Open rabernat opened 7 years ago
@rabernat do you maybe have example files that can be opened using open_mfdataset
, open_rasterio
, open_zarr
, and open_dataarray
? Preferably small files, that I'm allowed to add to recipy as test data.
Thanks for looking into this!
A good way to proceed would be to use the xarray tutorial datasets, which live in their own repository: https://github.com/pydata/xarray-data
These can be opened via the xarray.tutorial
module, as shown in the xarray docs: http://xarray.pydata.org/en/latest/examples/multidimensional-coords.html
Or you can just open them directly.
There are unfortunately no zarr or rasterio (i.e. geotiff) datasets there yet. I recommend you get started with netCDF files, which represent 95% of xarray use cases. In the meantime, I will work on providing examples of the other formats.
@rabernat Thanks! In the mean time, I found sufficiently small netcdf data for testing the patch of open_mfdataset
. For open_rasterio
, I just used a standard tiff file, since we are only interested in determining whether the input is logged and not whether it really is a geotiff.
So, now I'm just looking for zarr data.
I can prepare a zarr file for you.
When you say "small files", can you be more specific?
Note that zarr can read from a wide range of stores (see xarray docs and zarr docs). How important is it to cover all of these different cases?
Also, since zarr datasets can be opened directly by the zarr library, you might want to consider a dedicated patch for zarr (without xarray). I anticipate that zarr will grow in popularity over the coming years.
It would be great if you can prepare a zarr file! Small is kilobytes (the netcdf-files I found are 67kb). The data does not have to make sense, but must be valid.
I'll look into the different zarr storage types later. I'd like to cover as much file-based storage types as possible.
And correct me if I'm wrong, but all data loading/saving methods in xarray seems to come from other libraries (I started with a patch for netcdf4). So maybe we don't need a patch for xarray at all 😄 (I'll finish it anyway)
Is this waiting for me?
No, don't worry about it! The work of patching xarray is more or less done (if you could prepare a small zarr file for testing that would still be helpful). I plan to merge this feature soon, but there are some things that need to happen first.
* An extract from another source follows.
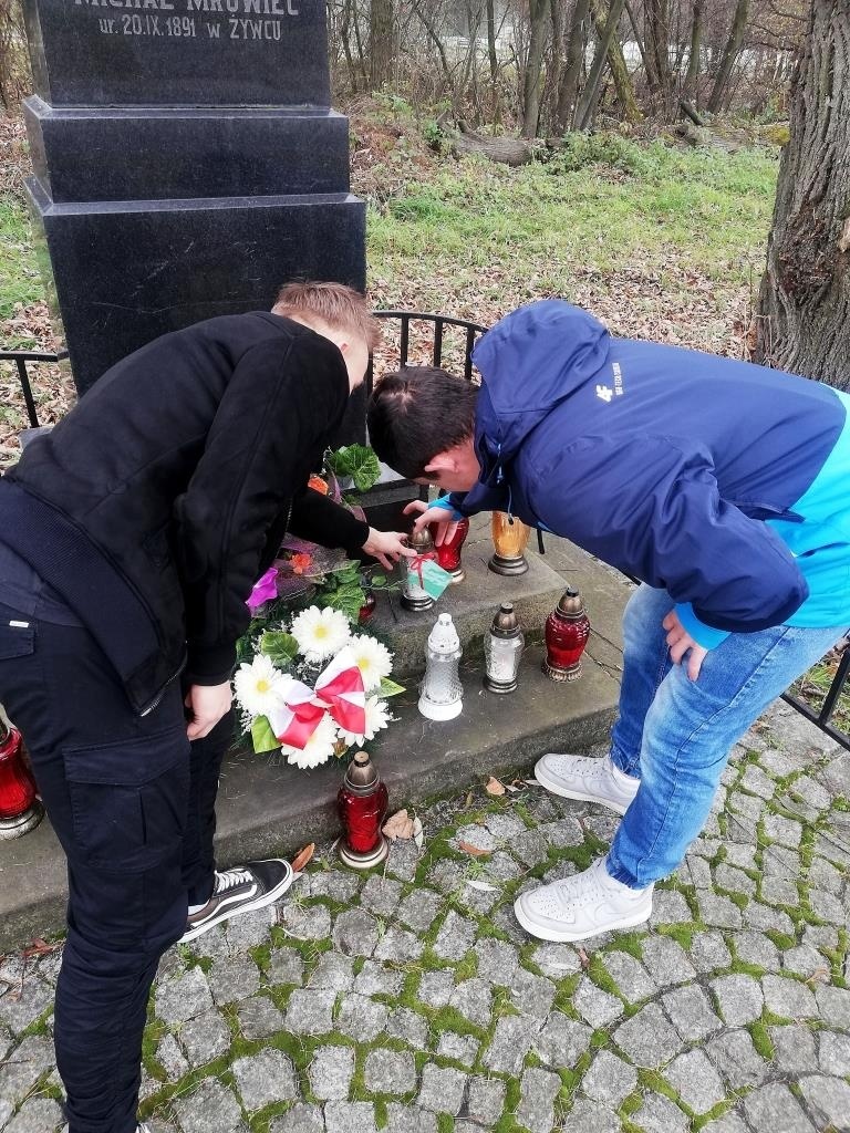 Całość naszej akcji dopełniło zapalenie zniczy na Cmentarzu Przemienienia Pańskiego w Żywcu, gdzie znajdują się mogiły poświęcone pamięci osób pomordowanych w Katyniu, w nazistowskich obozach zagłady, a także tych, którzy zginęli na frontach I i II wojny światowej.

This looks like a fantastic project with great potential to enhance scientific reproducibility. Thanks to the developers for all of your efforts.
I wanted to open an issue to suggest adding patch support for xarray https://github.com/pydata/xarray
Xarray is complementary to pandas and provides an interface for loading, analyzing, visualizing, and outputting labeled multi-dimensional array data. Its adoption is increasing rapidly in physical sciences, finance, and other fields.